Task item
In the records below, repeat exactly the lines between the line holding "Bavlnený oválny dekoračný" and the line holding "Finally, even the", inclusive, and drop the pictures.
══ Entries provided
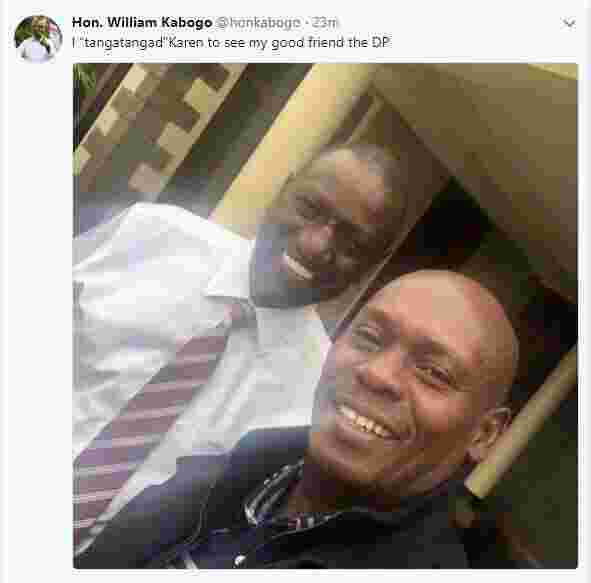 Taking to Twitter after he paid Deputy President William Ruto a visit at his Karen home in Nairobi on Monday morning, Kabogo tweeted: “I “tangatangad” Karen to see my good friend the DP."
════
══ Entries provided
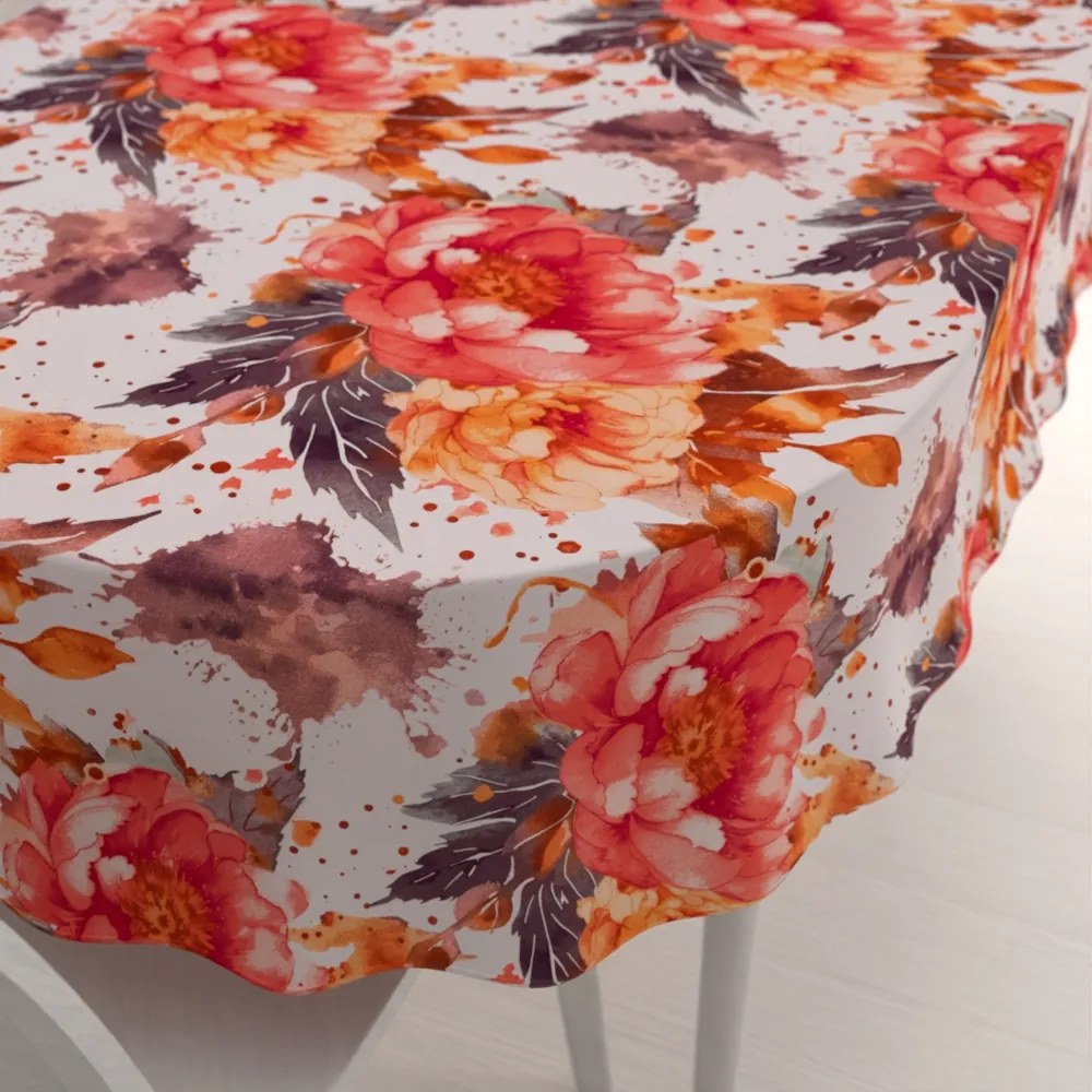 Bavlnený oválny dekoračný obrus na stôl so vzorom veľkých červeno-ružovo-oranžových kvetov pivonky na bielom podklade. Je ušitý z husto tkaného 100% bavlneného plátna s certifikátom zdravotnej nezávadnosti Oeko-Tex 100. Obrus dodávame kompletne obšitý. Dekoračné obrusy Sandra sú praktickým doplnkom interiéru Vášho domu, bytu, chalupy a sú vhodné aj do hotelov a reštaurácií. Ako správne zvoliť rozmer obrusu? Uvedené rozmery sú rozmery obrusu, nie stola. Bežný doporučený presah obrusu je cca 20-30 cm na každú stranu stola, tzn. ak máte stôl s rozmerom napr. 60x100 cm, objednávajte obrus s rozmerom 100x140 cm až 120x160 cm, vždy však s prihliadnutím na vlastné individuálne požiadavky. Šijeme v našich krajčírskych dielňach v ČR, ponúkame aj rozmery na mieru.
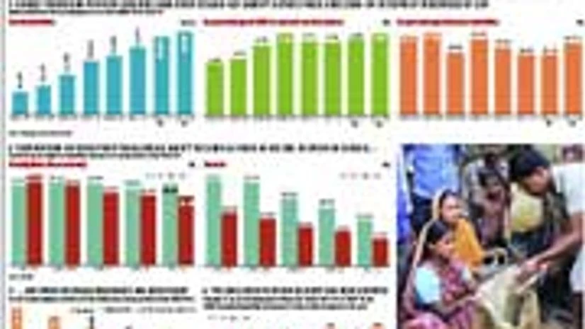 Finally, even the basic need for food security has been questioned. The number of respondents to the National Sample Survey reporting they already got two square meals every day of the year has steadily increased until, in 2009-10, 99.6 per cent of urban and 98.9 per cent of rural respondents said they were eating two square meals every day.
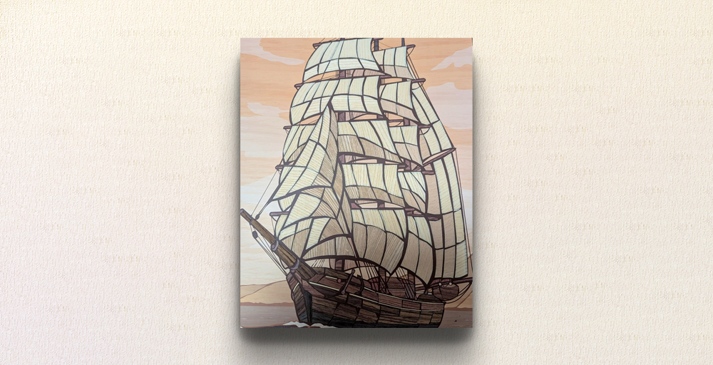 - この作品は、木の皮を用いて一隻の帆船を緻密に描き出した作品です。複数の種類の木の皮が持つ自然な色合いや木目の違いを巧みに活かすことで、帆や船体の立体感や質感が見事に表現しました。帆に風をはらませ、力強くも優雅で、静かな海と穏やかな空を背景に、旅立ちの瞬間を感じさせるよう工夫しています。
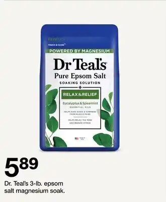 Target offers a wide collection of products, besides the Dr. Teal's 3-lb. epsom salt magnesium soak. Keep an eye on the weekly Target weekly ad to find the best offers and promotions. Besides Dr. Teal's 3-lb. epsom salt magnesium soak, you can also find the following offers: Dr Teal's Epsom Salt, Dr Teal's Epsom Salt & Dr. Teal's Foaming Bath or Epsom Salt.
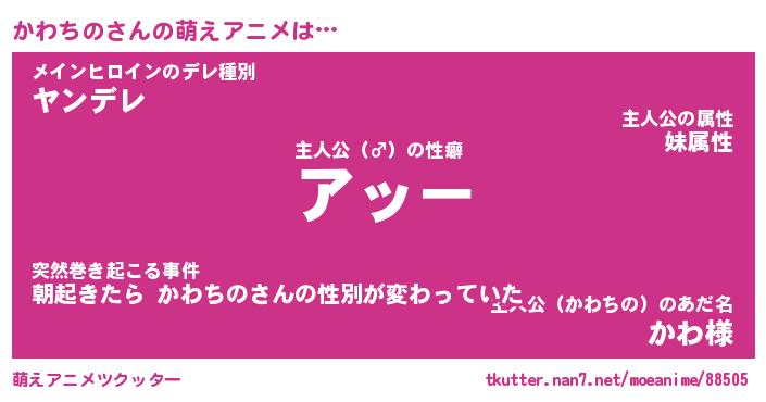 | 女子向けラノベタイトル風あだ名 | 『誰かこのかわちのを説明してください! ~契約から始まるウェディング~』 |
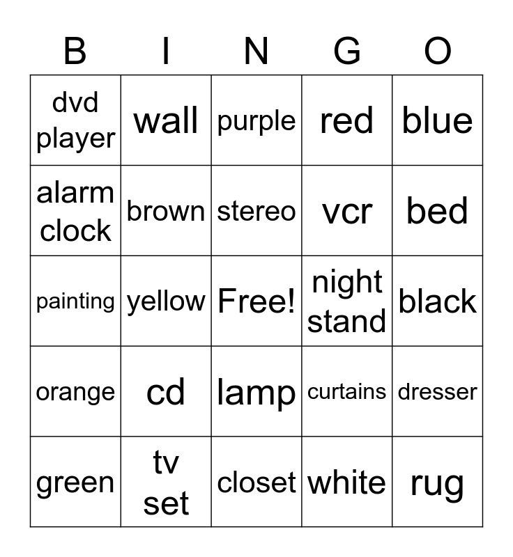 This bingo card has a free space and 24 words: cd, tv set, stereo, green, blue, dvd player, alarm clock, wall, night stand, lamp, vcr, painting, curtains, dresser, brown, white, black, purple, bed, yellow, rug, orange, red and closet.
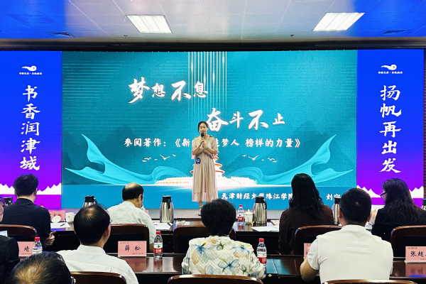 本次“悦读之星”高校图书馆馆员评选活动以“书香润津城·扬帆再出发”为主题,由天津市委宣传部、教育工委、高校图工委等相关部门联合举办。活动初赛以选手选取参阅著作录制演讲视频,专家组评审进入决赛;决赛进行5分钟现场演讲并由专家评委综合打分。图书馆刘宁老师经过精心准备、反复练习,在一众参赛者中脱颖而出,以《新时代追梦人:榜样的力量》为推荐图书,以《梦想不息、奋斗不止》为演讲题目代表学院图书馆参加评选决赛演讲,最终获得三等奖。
════
Problem solution
 Bavlnený oválny dekoračný obrus na stôl so vzorom veľkých červeno-ružovo-oranžových kvetov pivonky na bielom podklade. Je ušitý z husto tkaného 100% bavlneného plátna s certifikátom zdravotnej nezávadnosti Oeko-Tex 100. Obrus dodávame kompletne obšitý. Dekoračné obrusy Sandra sú praktickým doplnkom interiéru Vášho domu, bytu, chalupy a sú vhodné aj do hotelov a reštaurácií. Ako správne zvoliť rozmer obrusu? Uvedené rozmery sú rozmery obrusu, nie stola. Bežný doporučený presah obrusu je cca 20-30 cm na každú stranu stola, tzn. ak máte stôl s rozmerom napr. 60x100 cm, objednávajte obrus s rozmerom 100x140 cm až 120x160 cm, vždy však s prihliadnutím na vlastné individuálne požiadavky. Šijeme v našich krajčírskych dielňach v ČR, ponúkame aj rozmery na mieru.
 Finally, even the basic need for food security has been questioned. The number of respondents to the National Sample Survey reporting they already got two square meals every day of the year has steadily increased until, in 2009-10, 99.6 per cent of urban and 98.9 per cent of rural respondents said they were eating two square meals every day.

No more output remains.